> [Directions for this task]:
Go to the line holding "上の運動場ではブランコを楽し" in the data below. Return it and each line after it through the last, exactly, and skip the pictures.

> [Data]:

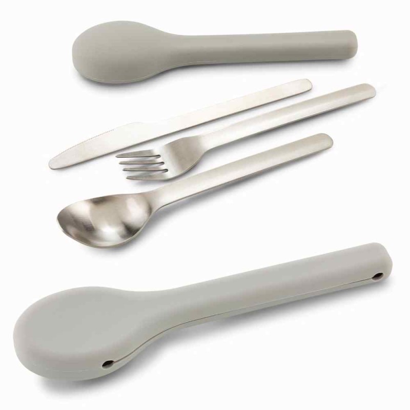 Juego de cubiertos en acero inoxidable (Cuchara, Cuchillo, Tenedor). Estuche en silicona. Medidas: 18.5 cm x 4.5 cm. Marca: 4 cm / Tampografía en silicona. Ficha Técnica
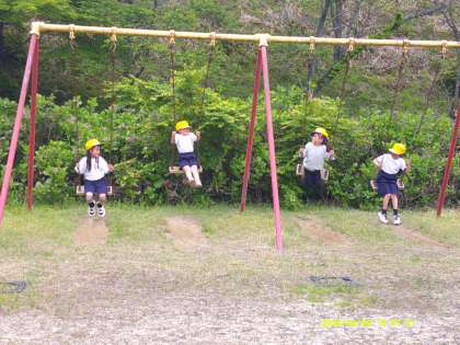 上の運動場ではブランコを楽しむ子、虫とりをする子、ボール遊びをする子など思うままに体を動かして楽しんでいました。
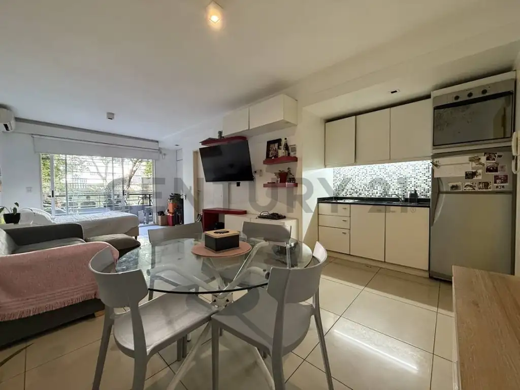 La unidad cuenta con ambiente único, cocina integrada, baño completo y balcón al frente, ideal para disfrutar del aire libre. Dispone de calefacción central, lo que garantiza confort durante todo el año.
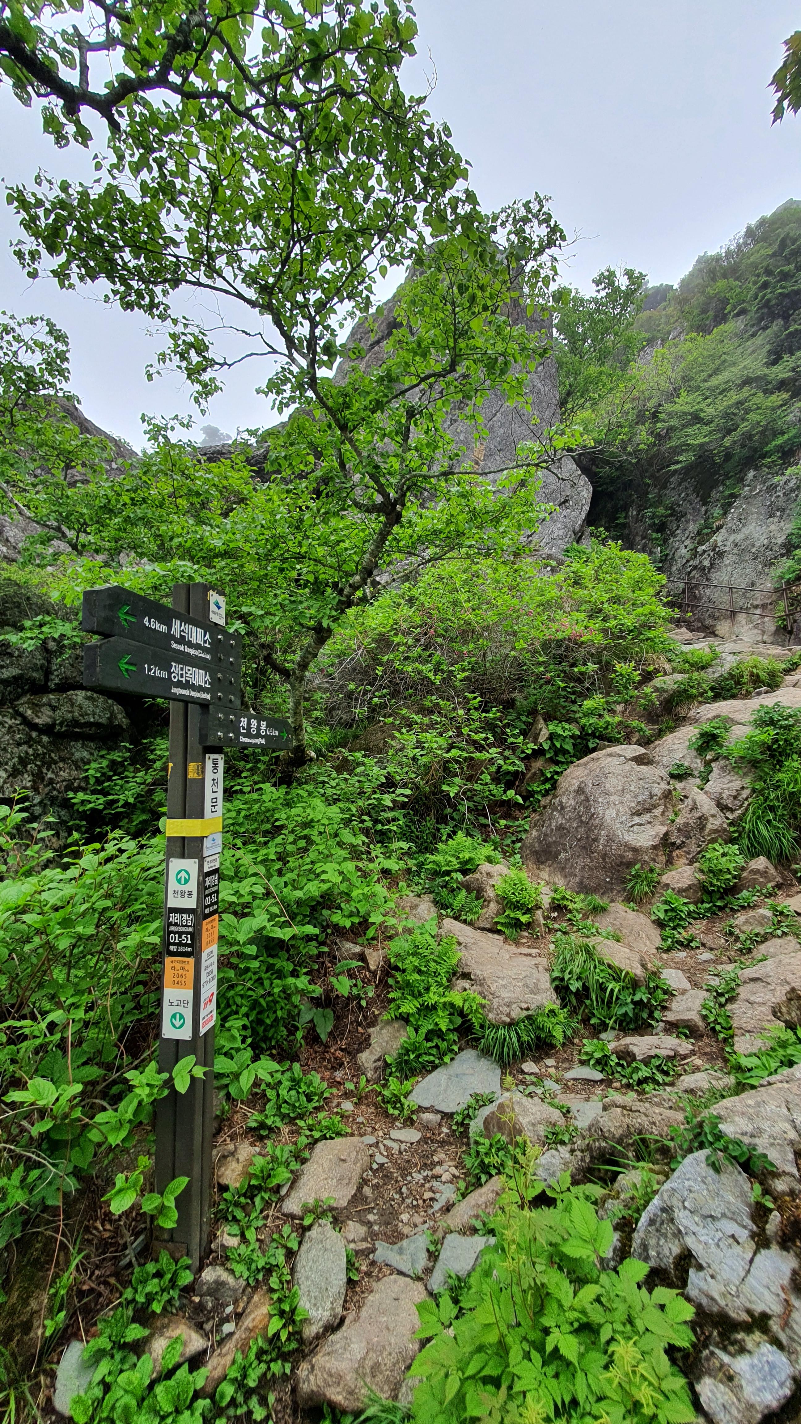 중산리 - 칼바위 - 로타리대피소 - 천왕봉(5.4km 5시간내지 6시간) ~ 세석대피소(5시간) ~ 거림마을(3시간)

> [Answer below]:
 上の運動場ではブランコを楽しむ子、虫とりをする子、ボール遊びをする子など思うままに体を動かして楽しんでいました。
 La unidad cuenta con ambiente único, cocina integrada, baño completo y balcón al frente, ideal para disfrutar del aire libre. Dispone de calefacción central, lo que garantiza confort durante todo el año.
 중산리 - 칼바위 - 로타리대피소 - 천왕봉(5.4km 5시간내지 6시간) ~ 세석대피소(5시간) ~ 거림마을(3시간)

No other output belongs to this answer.